Используя заросли на краю открытого пространства как укрытие, он стал обходить монастырь, приближаясь к реке. Паромная переправа была покинута. Здесь сейчас находился только один большой плот, закрепленный толстой веревкой к вделанному в пристань кольцу.

Рук снова посмотрел на монастырь. Может быть все укрылись за толстыми стенами, опасаясь появившихся поблизости бродяг?

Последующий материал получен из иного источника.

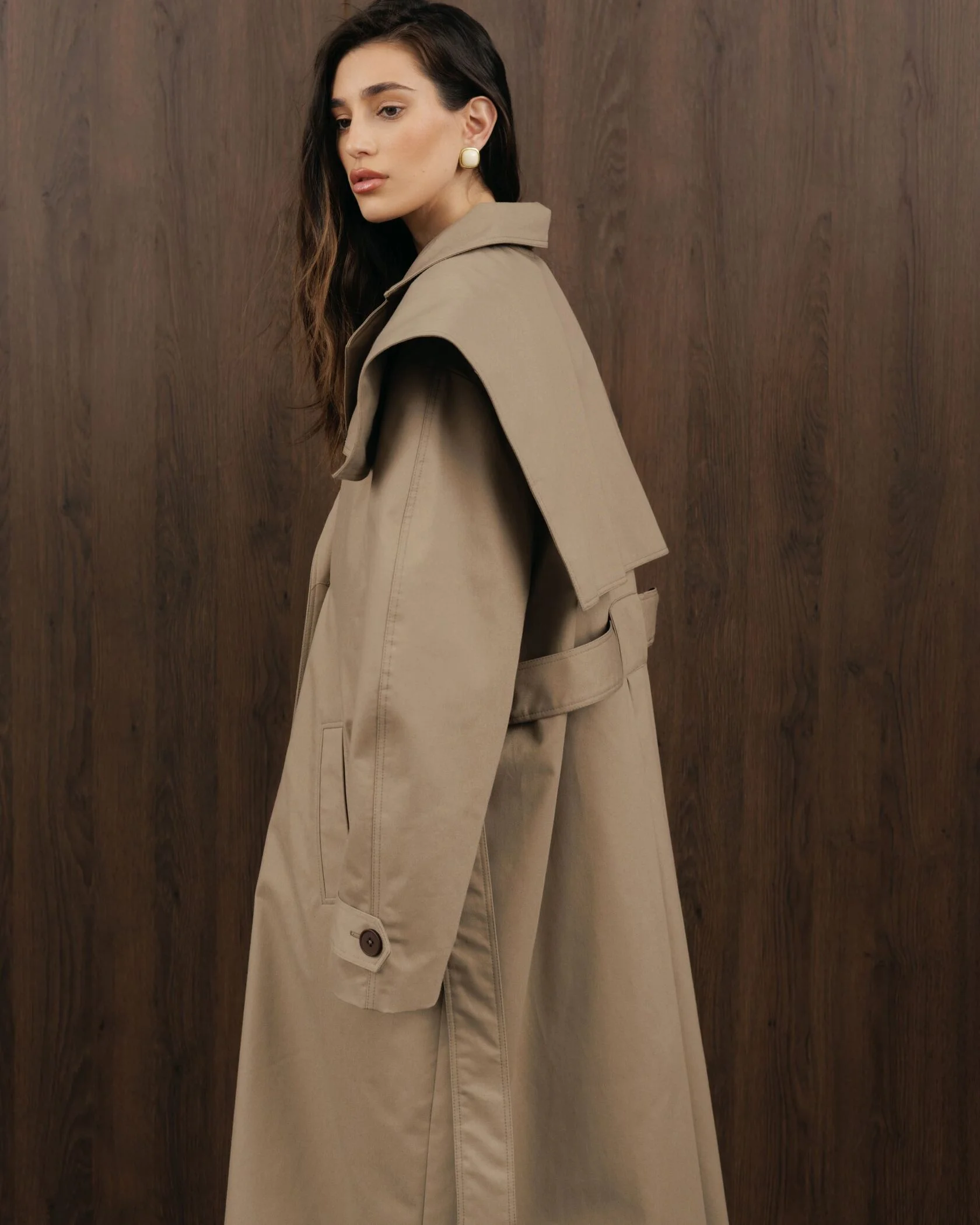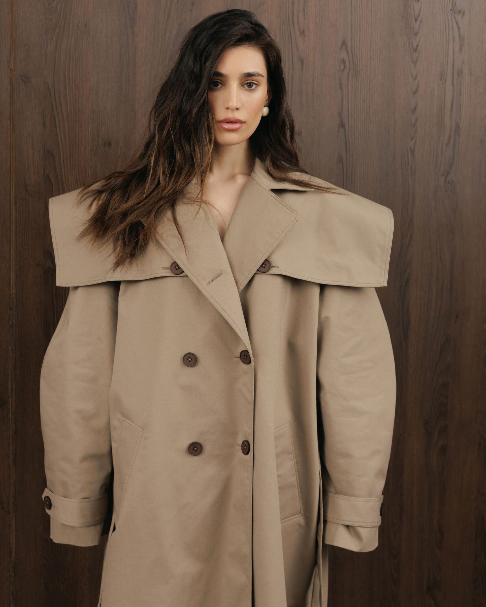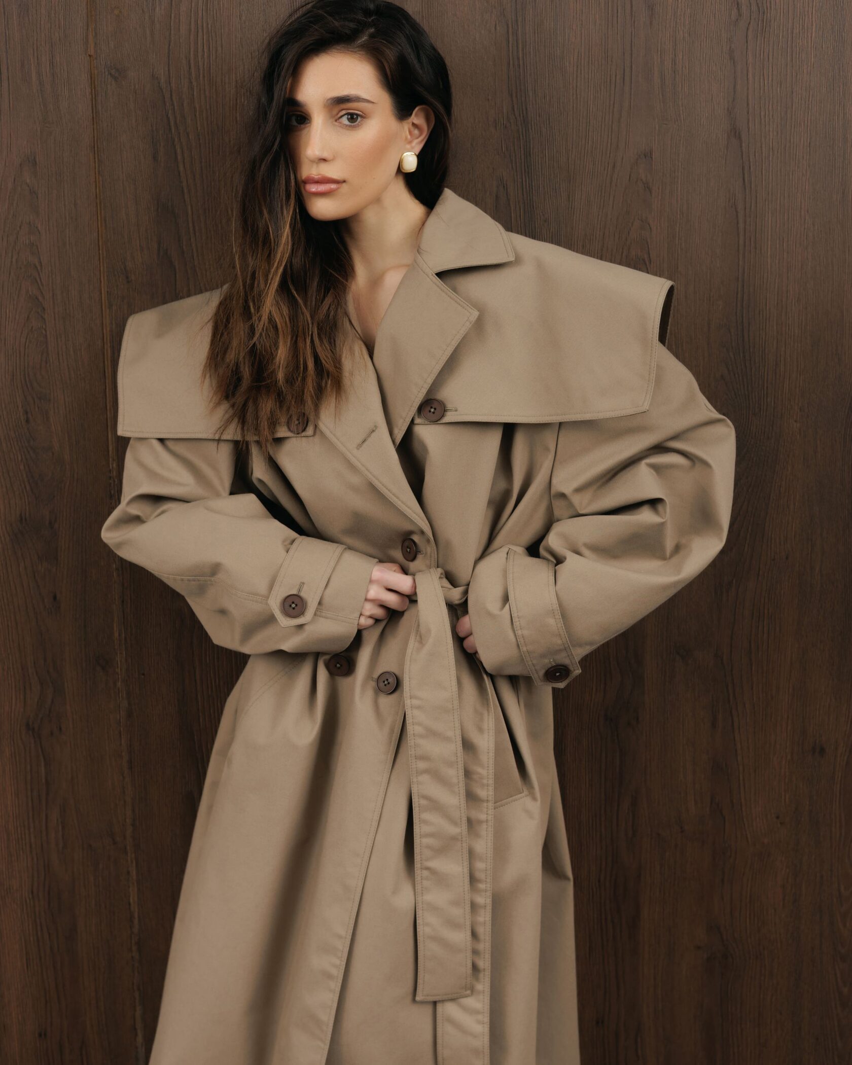 Тренч в элегантном бежевом оттенке — выразительная классика с акцентом на детали. Удлинённый силуэт, широкий воротник и объёмные рукава создают эффектный, архитектурный образ. Пояс подчёркивает талию, а двубортная застёжка добавляет строгости и баланса. Выполнен из ткани с водоотталкивающим покрытием, что делает его идеальным для переменчивой погоды. Идеален для стильных и уверенных образов в межсезонье.
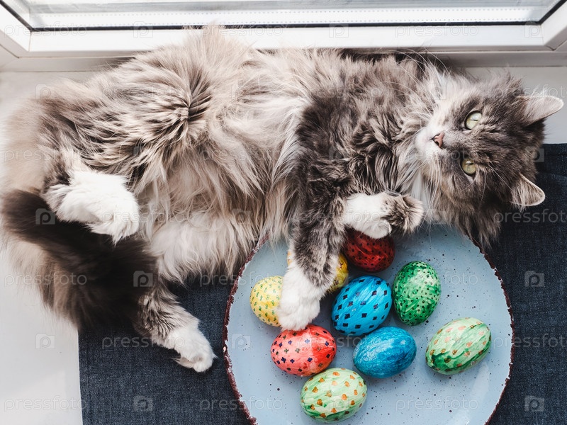 Пушистый серый кот рядом с тарелкой с разноцветными пасхальными яйцами
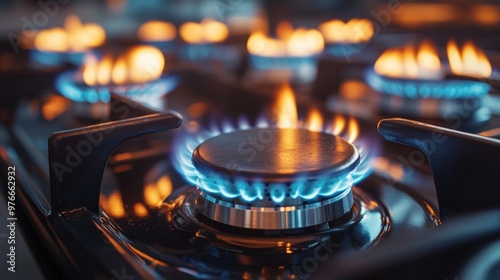 Close-up of a gas stove with multiple burners lit, with blue flames.
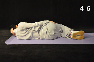 动作7:左肘关节屈曲,左手置于耳下;同时右手带动右肩左转,呈侧卧位(图4-6)
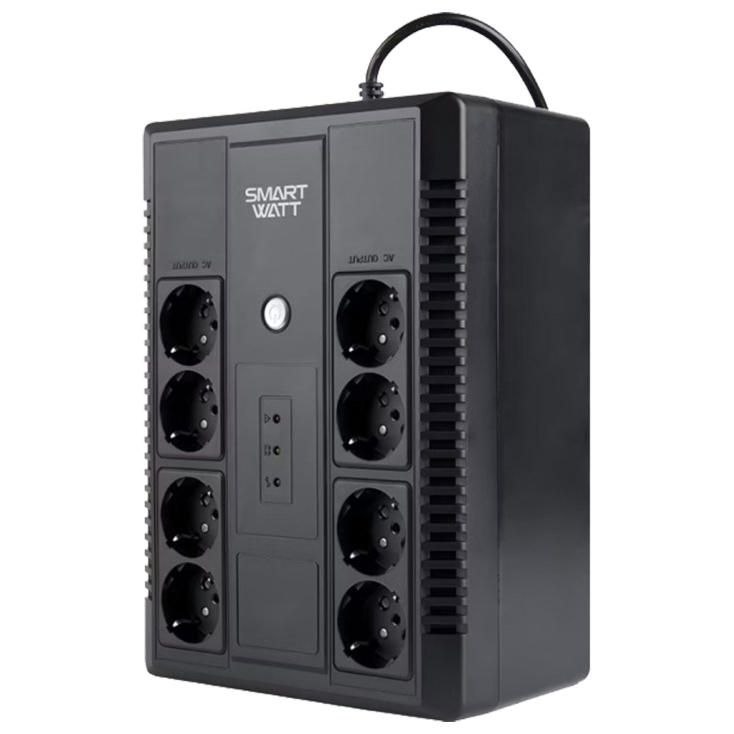 Источник бесперебойного питания SMARTWATT UPS SAFE PRO 650, 650 ВА (390 Вт), 8 розеток Код товара: 355137 5 297,95 ₽ Купить Производитель:SMARTWATT Линейно-интерактивные ИБП SMARTWATT UPS SAFE PRO для офисного и мультимедийного оборудования позволяет резервировать до 8 устройств одновременно. Встроенный стабилизатор защищает от перепадов напряжения в электросети. Компактные размеры, LED-индикация и возможность размещения на стене делают источники бесперебойного питания SMARTWATT UPS SAFE PRO одним из самых удобных решений для офисного пространства. Каждая модель этой серии оснащена 8 евророзетками и USB-портом для подключения к ПК. Преимущества - Аппроксимированный синус, - 4 розетки Schuko для резервирования, - 4 розетки Schuko для стабилизации, - Возможность настенной установки, - Широкий модельный ряд, - Запуск при восстановлении питания, - Автоопределение частоты, - Заряд АКБ в выключенном состоянии, - LED-индикация. Вся информация на сайте о товарах носит справочный характер и не является публичной офертой в соответствии с пунктом 2 статьи 437 ГК РФ. Производитель оставляет за собой право изменять характеристики товара, его внешний вид и комплектность без предварительного уведомления продавца.Производство: КитайТип выходных разъемов питания: евророзетка (CEE 7/4)Максимальная выходная мощность: 650 ВАМаксимальная выходная мощность: 390 ВтВходное напряжение: 140-300 ВВремя работы от батарей при полной нагрузке: 0 минКоличество розеток для защиты от всплесков напряжения: 4 шт.Количество розеток для батарейного резервного питания: 4 шт.Макс. время переключения на батареи: 6 мсФункции: защита от перегрузки, защита телефонной линии (RJ-11)Индикатор состояния входного напряжения: даСреднее время зарядки при полном разряде батареи: 0 чЦвет корпуса: черныйВысота: 117 ммШирина: 195 ммГлубина: 285 ммВес: 4 кгСерия: UPS SAFE PROРазмер упаковки: 11.7 × 19.5 × 28.5 смОбъём: 0.0065 м3Промежуточная упаковка: 1 штТранспортная упаковка: 1 штШтрих-код: 4620356950796 Файлы Приложение-1.pdf

Но почему не слышно колоколов?

Лежа в кустарнике, Рук долгое время наблюдал за местностью. Белый гусь ходил по полю, ковыряясь и выискивая пищу. Было совсем пустынно. Рук решился пересечь поле и подойти к воротам монастыря. Гусь бросился за ним, нахально выпрашивая угощение и пытаясь ущипнуть его за пятки. Он отбросил гуся в сторону, но тот снова заковылял за ним, взывая к его милости.

Перед воротами он помедлил, а затем три раза дернул за веревку дверного колокола. В царящей тишине звук показался таким громким и чистым, словно звонили в большой церковный колокол.

Никакого ответа. Он толкнул калитку, но та оказалась закрытой изнутри.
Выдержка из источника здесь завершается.